6.5 Relation between structural homeostasis and ${{\mathcal {L}}}'$

This section shows that each structural subnetwork ${{\mathcal {K}}}_\eta $ is core equivalent to the ${{\mathcal {L}}}'$ having the same input node. Specifically, we show that the input and output nodes in ${{\mathcal {K}}}_\eta $ are adjacent super-simple and that no other nodes in ${{\mathcal {K}}}_\eta $ are super-simple.

Proposition 6.8

Let ${{\mathcal {K}}}_\eta $ be an input–output subnetwork of ${{\mathcal {G}}}$ associated with an irreducible structural homeostasis matrix $B_\eta $ in (4.3). Then the input and output nodes of ${{\mathcal {K}}}_\eta $ are super-simple nodes.

Proof

We prove this theorem by proving that both the input and output nodes $\ell $ and j of ${{\mathcal {K}}}_\eta $ are on the $\iota o$-simple path associated with $\alpha $ for all summands $\alpha $ of $\det (H)$. Theorem 3.2 (the determinant theorem) implies that $\alpha $ has the form $F_S g_{C_S}$ where S is an $\iota o$-simple path, $C_S$ is the complementary subnetwork to S, $F_S$ is the product of the coupling strengths within S, $J_{C_S}$ is the Jacobian matrix of the admissible system corresponding to $C_S$, and $g_{C_S}$ is a summand in $\det (J_{C_S})$.
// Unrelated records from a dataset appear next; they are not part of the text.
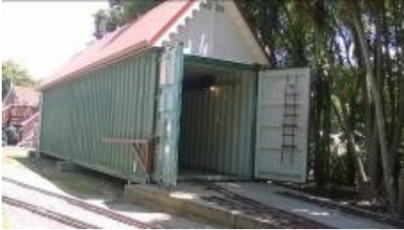
Even a common container can be made to look respectable!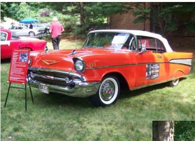
1957 Chevrolet Convertible formerly owned by rock singer Alice Cooper.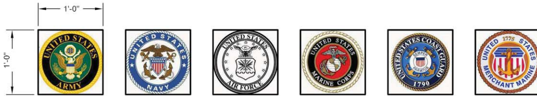
MILITARY BRANCH PLAQUES

It follows from Lemma 4.6 that the summands of form (4.2) are the summands of A times the summands of $B_\eta $ times the summands of E. Hence, every nonzero summand of $\det (H)$ contains a nonzero summand of $\det (B_\eta )$ as a factor. Since $\ell $ and j are the input output nodes for the homeostasis matrix $B_\eta $, it follows that every nonzero summand of $\det (B_\eta )$, and hence $\det (H)$, has both $f_{m,x_\ell }$ (where m is one of $\rho _1,\ldots ,\rho _{k-1}, j$) and $f_{j,x_n}$ (where n is one of $\rho _1,\ldots ,\rho _{k-1}, \ell $) as factors.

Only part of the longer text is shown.